## What the exercise asks
Restate all the data word for word and omit the pictures.

## Dataset
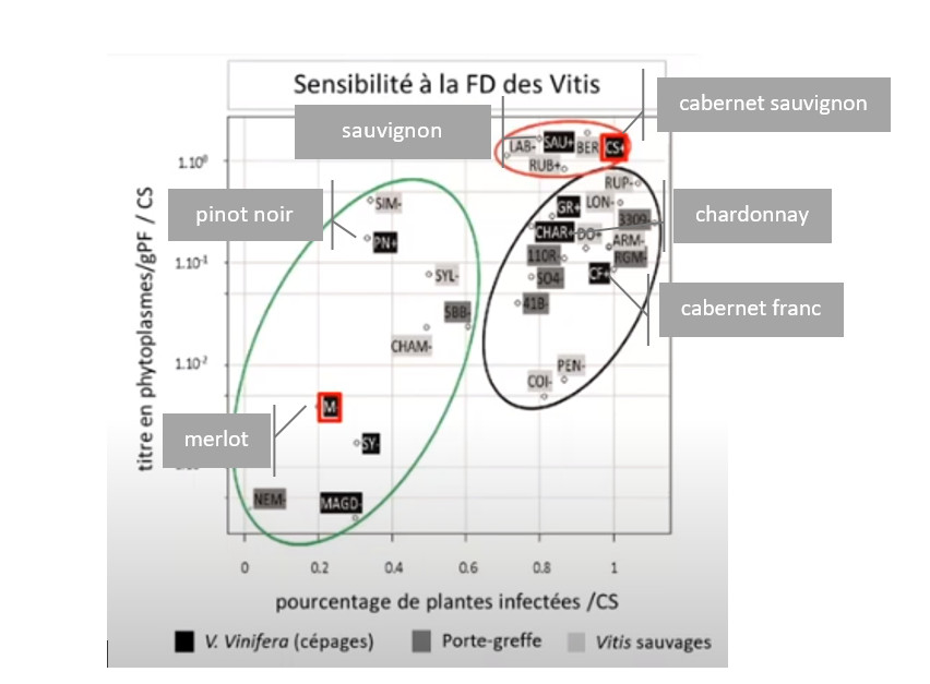 Les paramètres influençant la probabilité d’une parcelle d’être infectée par la flavescence dorée ont été étudiés dans le projet CoAct. Le facteur cépage a été mis en exergue. Ainsi une parcelle de sauvignon a plus de probabilité d’être infectée par la flavescence dorée qu’une parcelle de cabernet franc. « L’étude génétique de la sensibilité des cépages met en avant un déterminisme génétique du caractère sensible. La suite du projet visera à poursuivre la caractérisation de la sensibilité de cépages régionaux et à mettre en conservatoire les descendants peu sensibles obtenus dans les croisements réalisés », annonce Sylvie Malembic-Maher de l’INRAE. L’environnement paysagé est aussi montré comme un facteur à risque. Ainsi, une parcelle située dans un environnement urbain ou de forêt a plus de probabilité d’être infectée qu’une parcelle placée dans un environnement de vigne ou de cépages peu sensibles. A noter que c’est l’environnement proche, dans un rayon de 100 m autour de la parcelle, qui influe sur la probabilité d’infection.
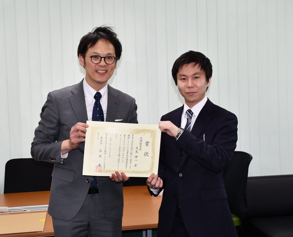 本研究室博士課程前期2年 久米伸一さんが2020年3月25日「機械システム工学専攻 成績優秀賞」を受賞しました。 この賞は学業成績が極めて優秀な学生が表彰されます。
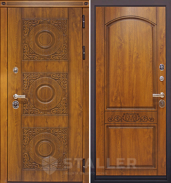 Отделка снаружи: МДФ влагостойкий 16 мм, Покрытие: пленка Винорит. Цвет "Дуб золотистый", патина, лак. Наличник ЛОГО
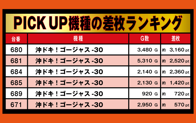 30パイPICK UP機種の差枚ランキング
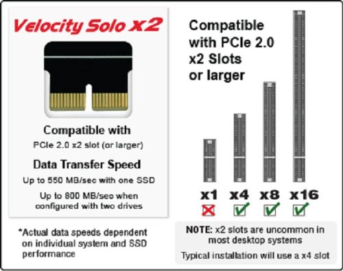 The Velocity Solo x2 utilizes a Marvel 9182 chipset and is bootable in both PC and Mac systems.

## Task result
 Les paramètres influençant la probabilité d’une parcelle d’être infectée par la flavescence dorée ont été étudiés dans le projet CoAct. Le facteur cépage a été mis en exergue. Ainsi une parcelle de sauvignon a plus de probabilité d’être infectée par la flavescence dorée qu’une parcelle de cabernet franc. « L’étude génétique de la sensibilité des cépages met en avant un déterminisme génétique du caractère sensible. La suite du projet visera à poursuivre la caractérisation de la sensibilité de cépages régionaux et à mettre en conservatoire les descendants peu sensibles obtenus dans les croisements réalisés », annonce Sylvie Malembic-Maher de l’INRAE. L’environnement paysagé est aussi montré comme un facteur à risque. Ainsi, une parcelle située dans un environnement urbain ou de forêt a plus de probabilité d’être infectée qu’une parcelle placée dans un environnement de vigne ou de cépages peu sensibles. A noter que c’est l’environnement proche, dans un rayon de 100 m autour de la parcelle, qui influe sur la probabilité d’infection.
 本研究室博士課程前期2年 久米伸一さんが2020年3月25日「機械システム工学専攻 成績優秀賞」を受賞しました。 この賞は学業成績が極めて優秀な学生が表彰されます。
 Отделка снаружи: МДФ влагостойкий 16 мм, Покрытие: пленка Винорит. Цвет "Дуб золотистый", патина, лак. Наличник ЛОГО
 30パイPICK UP機種の差枚ランキング
 The Velocity Solo x2 utilizes a Marvel 9182 chipset and is bootable in both PC and Mac systems.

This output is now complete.